Microsoft has described its efforts to manage the increased demand for cloud platform Azure during the Covid-19 pandemic.
On Tuesday (16 June), Microsoft Stories writer Jennifer Langston detailed the company’s response to increased demand for the Azure cloud business during the Covid-19 pandemic.
“Cloud providers like Microsoft Azure are by their nature designed to expand and scale quickly and meet elastic demand,” she wrote. “With more than 60 data centre regions around the globe – including three new regions announced this past May in Italy, New Zealand and Poland – Microsoft can shift traffic if a natural disaster or power outage affects capacity in one part of the world.”
In April, Azure published a blogpost about business continuity, saying it planned to scale up and meet demand for its cloud services as schools moved online, workers left offices and individuals turned to video calls and video games to socialise with friends.
‘The scope and scale of the response to Covid-19 was completely unprecedented, in terms of how much of the world went digital inside a month’
– MARK SIMMS
It also expanded a cloud-based Hospital Emergency Response Solution run on Azure to help US hospitals cope with the health crisis.
While the company may not have predicted the situation would continue all around the world for this long, Langston suggested that the company was ready to deal with demand spikes, as it has hardware stockpiled in warehouses “ready to be deployed” when it is needed.
Scaling Azure
In the latest blogpost, Langston mentioned some of the Microsoft staff that helped the company scale its technology in recent months.
For instance, Aarthi Natarajan, partner director of engineering for Microsoft Teams, helped spread Teams’ capacity across additional data centre regions to share the load from the unprecedented demand.
In March, Microsoft Teams saw record daily meeting minutes, with 2.7bn minutes logged in a single day, up from 900m minutes two weeks earlier. In April, that figure climbed to 4.1bn meeting minutes in a single day.
Elsewhere, a team run by software engineer Sneha Shankar had to quickly scale Windows Virtual Desktop, which saw usage triple.
And Mahesh Nayak, principal programme manager at Azure’s Wide Area Network (WAN), worked with his team to ensure that the company’s fibre optic network that carries data around the globe was up to the task of meeting demand. The WAN team added 110 terabits of capacity within two months.
Through the company’s Azure active directory team, Microsoft also helped companies offer employees working from home secure remote access to on-premises corporate apps through the Azure AD Application Proxy.
Langston outlined how engineer John Sheehan led efforts to find efficiencies in Microsoft services running on Azure to free up capacity for existing customers and organisations working on the frontline of the Covid-19 response.
Working around the clock
Microsoft Teams used early data from China and Italy to plan for expected growth as the pandemic spread into other regions. Every Sunday night, Microsoft employees gathered remotely to look for bottlenecks and troubleshoot as the situation evolved in Europe and the US.

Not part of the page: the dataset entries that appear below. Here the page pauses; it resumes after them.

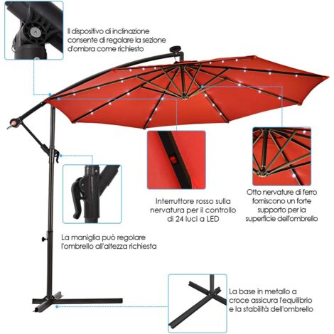 Si prega di non lasciare l’ombrellone esposto alla pioggia. Il cinturino di fissaggio incluso aiuta a mantenere l’ombrellone ben chiuso quando non in uso. Tavolo Da Esterno - 270 Cm Grigio, Ombrello Hawaiano, Ombrellone Ombrellone Da Giardino L’ombrellone da 270 cm è dotato di un innovativo meccanismo di inclinazione che consente di regolare l’angolazione dell’ombra in base alla posizione del sole. Il tettuccio ventilato favorisce il passaggio dell’aria, creando un’esperienza più fresca e piacevole L’ombrellone da 270 cm è dotato di un innovativo meccanismo di inclinazione che consente di regolare l’angolazione dell’ombra in base alla posizione del sole. Questo meccanismo consente un’inclinazione agevole di 35°, assicurando un’ombra ottimale per tutto il giorno senza dover spostare l’ombrellone. 【Facile da Montare e Riporre】L’ombrellone parasole da spiaggia è dotato di un palo in due sezioni con struttura avvitabile, che ne facilita l’assemblaggio. Caratteristiche: Tessuto in poliestere con rivestimento PA per protezione solare Sistema di inclinazione a pulsante per regolare l’angolazione dell’ombra Manovella per aprire e chiudere facilmente l’ombrellone Tettuccio ventilato per maggiore freschezza e stabilità Palo in metallo da 38 mm con rivestimento a polvere per maggiore durata 8 stecche robuste per una struttura affidabile Perno di sicurezza per evitare chiusure improvvise Pulsante di rilascio per collegare rapidamente i due pali Specifiche prodotto: Colore: Beige/Marrone/Grigio/Bordeaux Materiale: Metallo, Poliestere Dimensioni Complessive: 270 x 270 x 240 cm (L x P x A) Altezza del Tettuccio: 190 cm Peso Netto: 5,5 kg La confezione include: 1 x Ombrellone da Giardino 1 x Istruzioni 【Manovella Manuale】Aprire e chiudere il grande ombrellone da mercato è estremamente semplice grazie alla manovella. Bastano pochi giri per aprire o richiudere l’ombrellone. Descrizione: L’ombrellone da giardino è progettato con un tessuto di poliestere rivestito in PA che non solo offre un’eccellente protezione solare, ma è anche resistente all’usura e allo scolorimento, garantendo una lunga durata. NOTA: Il supporto per ombrellone non è incluso nel prezzo. Inoltre, il perno di sicurezza evita chiusure accidentali, offrendoti tranquillità mentre ti rilassi all’ombra. Con 8 stecche robuste e un palo in metallo spesso, l’ombrellone è stabile e resistente.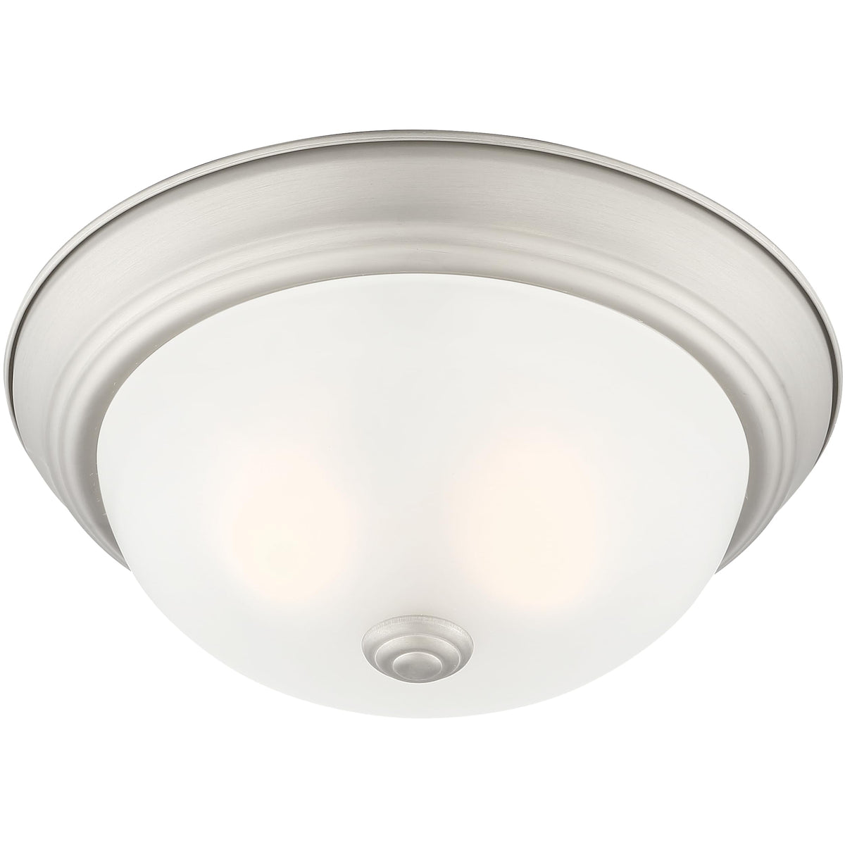 Q: What are the dimensions of the ceiling light fixture?A: The DESIGNERS FOUNTAIN 2-Light Flush Mount Ceiling Light measures 11.25 inches in width, 11.25 inches in depth, and 4.75 inches in height, making it a compact option for various spaces.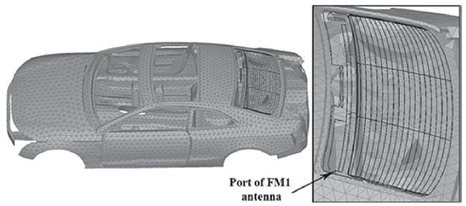 自動車に搭載されるアンテナの数は増加の一途をたどっていますが、アンテナを取り付けられるスペースには限りがあります。この対策の1つとして、窓ガラス上に薄い金属箔をプリントしたアンテナが多用されています。しかしその性能はガラスの誘電体に加えて、同じガラス面上のデフォッガ(曇り取り用の熱線)や別のアンテナパターンの影響を強く受けるため、これを考慮した解析が必要となります。
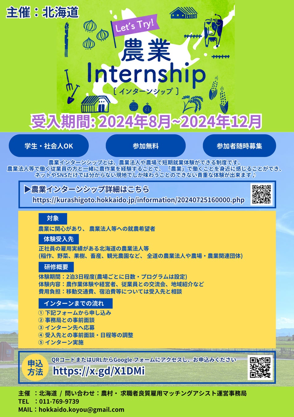 【就農/北海道/農業体験】レッツトライ!農業インターンシップ~北海道で農業体験してみませんか~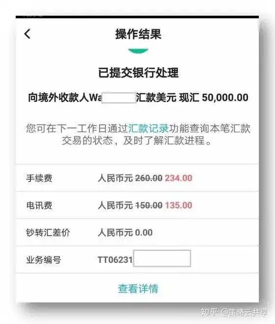 支付宝国际汇款:全部手续费=境内银行手续费+境外银行手续费。

Mark Simms, a partner software architect managing the Covid-19 response across Azure, commented: “The scope and scale of the response to Covid-19 was completely unprecedented, in terms of how much of the world went digital inside a month.
“So the work that we had to do to get through the initial surge in demand and free up capacity for our customers to run critical health and safety workloads was also unprecedented.”
Simm said that “pretty profound” changes were made in a “very short time frame” at Azure. Data centre employees began working around-the-clock shifts to install new servers while staying at least six feet apart.
Microsoft product teams worked to find any further efficiencies to free up Azure resources for other customers. The company doubled capacity on one of its own undersea cables carrying data across the Atlantic and said it also negotiated with owners of another subsea cable to open up additional capacity.
Langston wrote: “Network engineers installed new hardware and tripled the deployed capacity on the America Europe Connect cable in just two weeks.”
The company described how Xbox, which runs on Azure, is accustomed to ramping up for large surges in usage that typically occur around holidays or new video game releases. With distancing restrictions put in place around the world, there was a 50pc increase in multiplayer gameplay and a 30pc increase in peak concurrent usage.
The company worked to move gaming workloads out of high-demand data centres in the UK and Asia, to free up capacity for other Azure customers without negatively impacting the experiences of its own users.
Casey Jacobs, who manages reliability for Xbox operations, said: “There’s no question in those regions the people who were on the frontlines of Covid-19 efforts really needed that capacity more than us. And our telemetry gave us confidence that we could make these trade-offs while protecting our customer experience.”